[Available records — start]

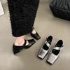 Σανδάλια Baotou Γυναικεία 2024 Νέα Ρετρό Ασημί Ψηλά Τακούνια με Αγκράφα σε Α Γραμμή Τετράγωνη Μύτη Χοντρά Τακούνια
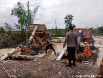 Kepolisian Sektor (Polsek) Kuantan Mudik Polres Kuantan Singingi melaksanakan penertiban terhadap aktivitas Penambangan Emas Tanpa Izin (PETI) di wilayah hukumnya. (28/9/2025)
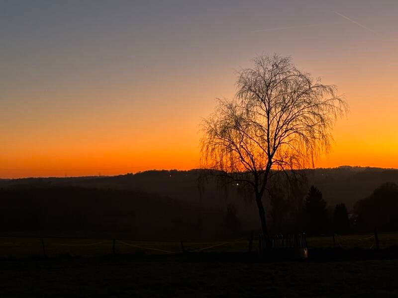 Ein klarer Himmel, eine wunderschöne Morgendämmerung! Ich habe den Morgen für einen Spaziergang von Rüggeberg bis zur Heilenbecker Talsperre genutzt.
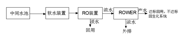 經反滲透處理的濃水,利用離心泵把水打到ROWER膜堆中,在膜堆中通直流電源,利用膜的選擇透過性,使原水中的離子遷移到ROWER濃水中,達到除鹽的目的,ROWER產生的淡水若能滿足系統(tǒng)沖洗回用水的需要,則利用;否則進一步回到生化系統(tǒng)中,繼續(xù)進一步降低COD,從而進一步提高回用水的利用率。
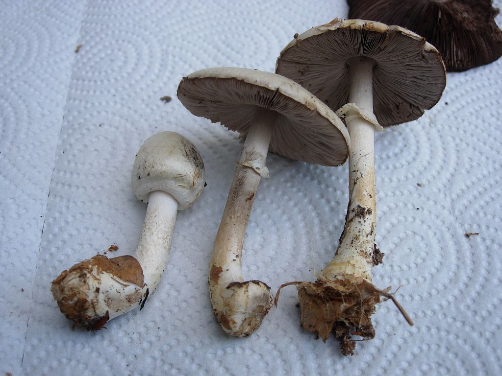 - kräftiger im Wuchs, vor allem mit etwas dickeren Stielen; Stielbasis deutlich knollig, meist sogar abgesetzt und häufig deutlich gekniet
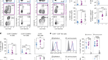 Group sizes were estimated according to a presumed s.d. and an expected type one error of <0.05. Depending on the initial results, the sample size in subsequent experiments was adjusted accordingly. Within all figures, each data point reflects results from a single mouse unless otherwise indicated; in in vitro co-culture experiments each data point represents a technical replicate. Statistical analysis was performed using GraphPad Prism software. For comparison of unmatched two groups, the unpaired Student’s t-test was used. For comparison between three or more groups one-way ANOVA followed by Bonferroni’s post test was used unless otherwise specified in the figure legend. All data are presented as mean or mean±s.d. and P<0.05 are considered as significant. In all figures, *P<0.05; **P<0.01; ***P<0.001; NS, not significant.
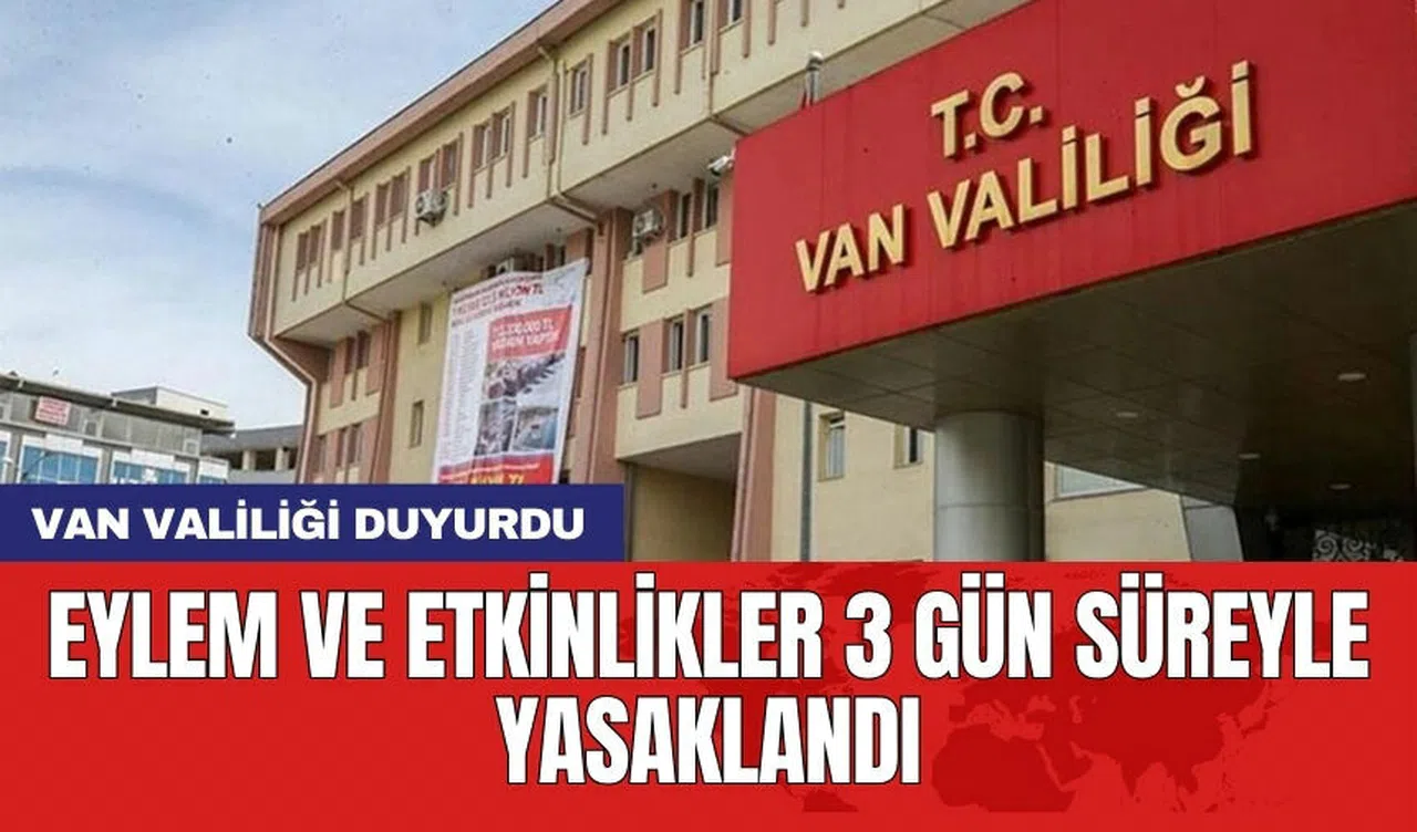 Van Valiliği, gösteri yürüyüşü ve açık hava toplantılarının 3 gün süreyle yasaklandığını duyurdu.
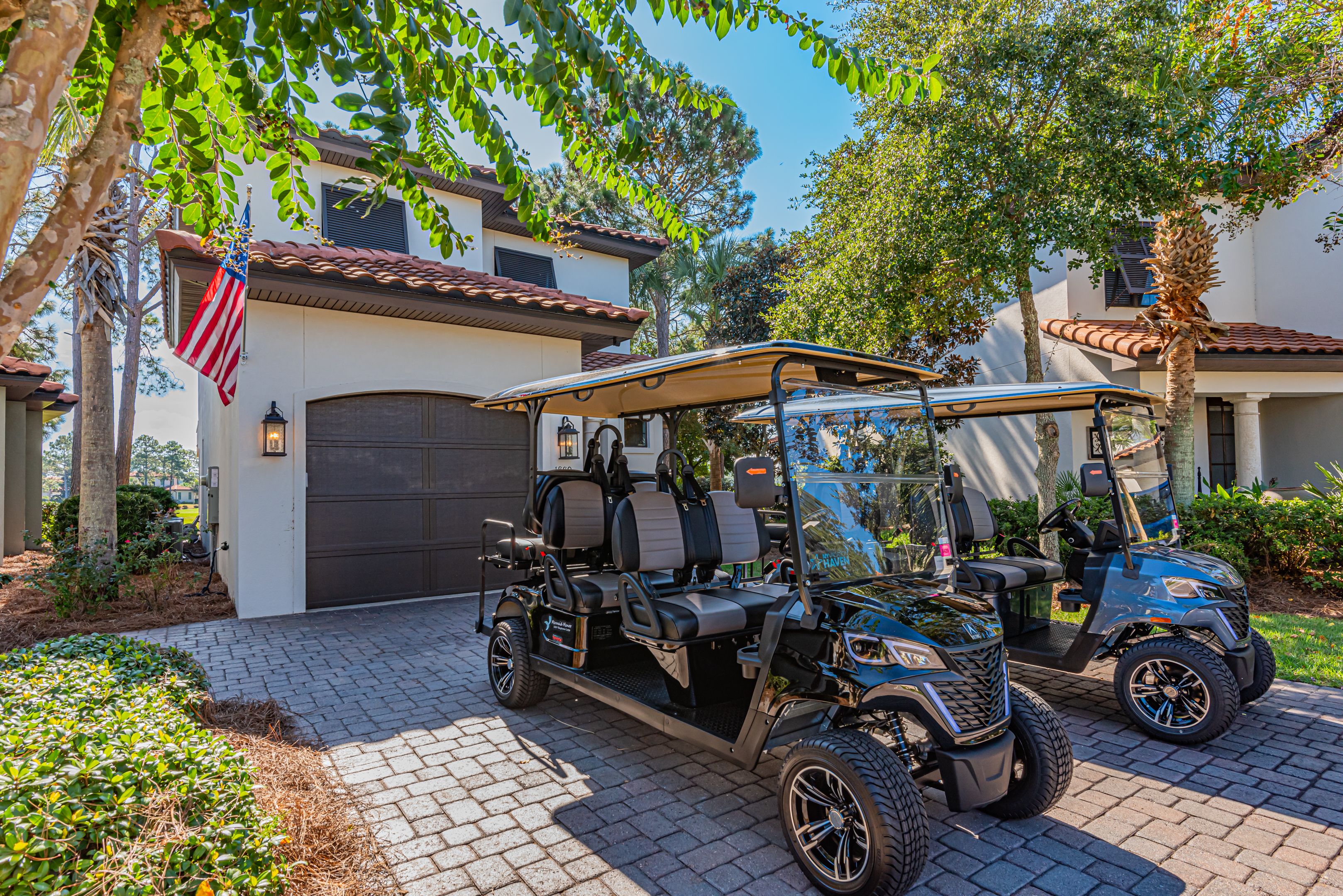 Discover the ultimate coastal retreat at "Mermaid Manor," a stunning Mediterranean-style villa nestled in the heart of SANDESTIN GOLF AND BEACH RESORT®, just steps from the vibrant Village of Baytowne Wharf. This two-story home offers one of the largest floor plans in the Villa Lago community, complete with ample driveway space and two brand-new 6-seat golf carts.
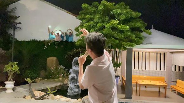 Kỷ niệm khó quên tại Vũng Tàu! Kế bên là nhà hàng, các nhân viên nghe tui hát với bạn bè thế là rủ nhau leo tường ngồi xem... Siêu dễ thương! Này các fans khắp nơi ơi. Tớ muốn gặp các cậu chiều mai! Tầm chiều chiều tối tối... được không? Khoảng đâu 6.30 - 7 giờ tối! Tớ sẽ cho các cậu thấy mặt tớ! Còn các cậu cho tớ thấy gì ngoài like, thả tim, comment, tặng sao? Nói nghe coi hấp dẫn tớ không?".
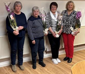 Wir ehrten unsere fleißigsten Sängerinnen 2025 Utta Schneider, Ursula Lücker, Thea Schneider und Rosi Hackbusch für 55 Jahre Sängertätigkeit.

[Available records — finish]

- _Exercise aim_
Output all of the data exactly. Skip the pictures.

- _Expected answer_
 Σανδάλια Baotou Γυναικεία 2024 Νέα Ρετρό Ασημί Ψηλά Τακούνια με Αγκράφα σε Α Γραμμή Τετράγωνη Μύτη Χοντρά Τακούνια
 Kepolisian Sektor (Polsek) Kuantan Mudik Polres Kuantan Singingi melaksanakan penertiban terhadap aktivitas Penambangan Emas Tanpa Izin (PETI) di wilayah hukumnya. (28/9/2025)
 Ein klarer Himmel, eine wunderschöne Morgendämmerung! Ich habe den Morgen für einen Spaziergang von Rüggeberg bis zur Heilenbecker Talsperre genutzt.
 經反滲透處理的濃水,利用離心泵把水打到ROWER膜堆中,在膜堆中通直流電源,利用膜的選擇透過性,使原水中的離子遷移到ROWER濃水中,達到除鹽的目的,ROWER產生的淡水若能滿足系統(tǒng)沖洗回用水的需要,則利用;否則進一步回到生化系統(tǒng)中,繼續(xù)進一步降低COD,從而進一步提高回用水的利用率。
 - kräftiger im Wuchs, vor allem mit etwas dickeren Stielen; Stielbasis deutlich knollig, meist sogar abgesetzt und häufig deutlich gekniet
 Group sizes were estimated according to a presumed s.d. and an expected type one error of <0.05. Depending on the initial results, the sample size in subsequent experiments was adjusted accordingly. Within all figures, each data point reflects results from a single mouse unless otherwise indicated; in in vitro co-culture experiments each data point represents a technical replicate. Statistical analysis was performed using GraphPad Prism software. For comparison of unmatched two groups, the unpaired Student’s t-test was used. For comparison between three or more groups one-way ANOVA followed by Bonferroni’s post test was used unless otherwise specified in the figure legend. All data are presented as mean or mean±s.d. and P<0.05 are considered as significant. In all figures, *P<0.05; **P<0.01; ***P<0.001; NS, not significant.
 Van Valiliği, gösteri yürüyüşü ve açık hava toplantılarının 3 gün süreyle yasaklandığını duyurdu.
 Discover the ultimate coastal retreat at "Mermaid Manor," a stunning Mediterranean-style villa nestled in the heart of SANDESTIN GOLF AND BEACH RESORT®, just steps from the vibrant Village of Baytowne Wharf. This two-story home offers one of the largest floor plans in the Villa Lago community, complete with ample driveway space and two brand-new 6-seat golf carts.
 Kỷ niệm khó quên tại Vũng Tàu! Kế bên là nhà hàng, các nhân viên nghe tui hát với bạn bè thế là rủ nhau leo tường ngồi xem... Siêu dễ thương! Này các fans khắp nơi ơi. Tớ muốn gặp các cậu chiều mai! Tầm chiều chiều tối tối... được không? Khoảng đâu 6.30 - 7 giờ tối! Tớ sẽ cho các cậu thấy mặt tớ! Còn các cậu cho tớ thấy gì ngoài like, thả tim, comment, tặng sao? Nói nghe coi hấp dẫn tớ không?".
 Wir ehrten unsere fleißigsten Sängerinnen 2025 Utta Schneider, Ursula Lücker, Thea Schneider und Rosi Hackbusch für 55 Jahre Sängertätigkeit.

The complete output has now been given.